Data lakes and data warehouses are storage systems for big data used by data scientists, data engineers, and business analysts. But while a data warehouse is designed to be queried and analysed, a data lake (much like a real lake filled with water) has multiple sources (tributaries or rivers) of structured and unstructured data that flow into one combined site.
The two storage systems serve different purposes, so different job roles work with each. For some companies, a data lake works best, especially those that benefit from raw data for machine learning. A data warehouse is a better fit for others because their business analysts need to decipher analytics in a structured system.
Read on to learn the key differences between a data lake and a data warehouse.
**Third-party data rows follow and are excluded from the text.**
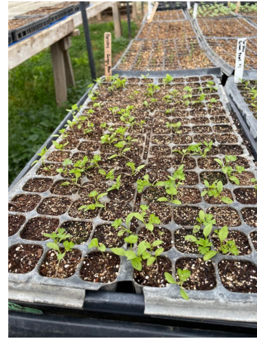
The seedlings are growing!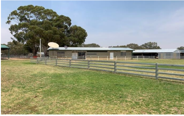
Figure 6 – Stewards building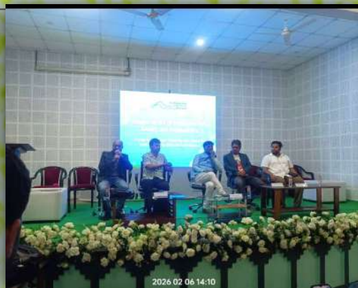
Brahmaputra Literary Festival 2026

The key differences between a data lake and a data warehouse are as follows [1, 2]:
Parameters | Data Lake | Data Warehouse |
---|---|---|
Data type | Raw (all types, no matter source of structure) | Processed (data stored according to metrics and attributes) |
Data purpose | To be determined | Currently being used |
Process | Extract Load Transform (ELT) | Extract Transform Load (ETL) |
Schema position | After data storage, to offer agility and easy data capture | Before data storage, to offer security and high performance |
Users | Data scientists, those who need in-depth analysis and tools (such as predictive modelling) to understand it | Business professionals, those who need it for operations |
Accessibility | Accessible and easy to update | Complicated to make changes |
History | Relatively new for big data | The concept has been around for decades |
A data lake is a storage repository that captures and stores many structured, semi-structured, and unstructured raw data. Once in the data lake, the data can be used for machine learning or artificial intelligence (AI) algorithms and models or transferred to a data warehouse after processing.
Data professionals in various sectors can use data lakes to tackle and solve business problems.
Marketing: In a data lake, marketing professionals can collect data on their target customer demographic preferences from many different sources. Platforms such as HubSpot store data in data lakes and then present it to marketers in a shiny interface. Data lakes enable marketers to analyse data, make strategic decisions, and build data-driven campaigns [2].
Education: This sector has begun using data lakes to track data on grades, attendance, and other performance metrics so that universities and schools can improve their fundraising and policy goals. A data lake provides the right flexibility to handle these data types.
Transportation: Data lakes are used when airline and freight company data scientists cut costs and increase efficiency to support Lean supply chain management.
A data warehouse is a centralised repository and information system used to develop insights and inform decisions with business intelligence. Data warehouses store organised data from multiple sources, such as relational databases, and employ online analytical processing (OLAP) to analyse data. The warehouses perform data extraction, cleaning, transformation, and more functions.
Data warehouses provide structured systems and technology to support business operations. Some examples include:
Finance and banking: Financial companies can use data warehouses to provide company-wide access to data. Rather than creating reports using Excel spreadsheets, a data warehouse can generate secure and accurate reports, saving companies time and money.
Food and beverage: Big companies turn to high-performance enterprise data warehouse systems to run operations and consolidate sales, marketing, inventory, and supply chain data in one place.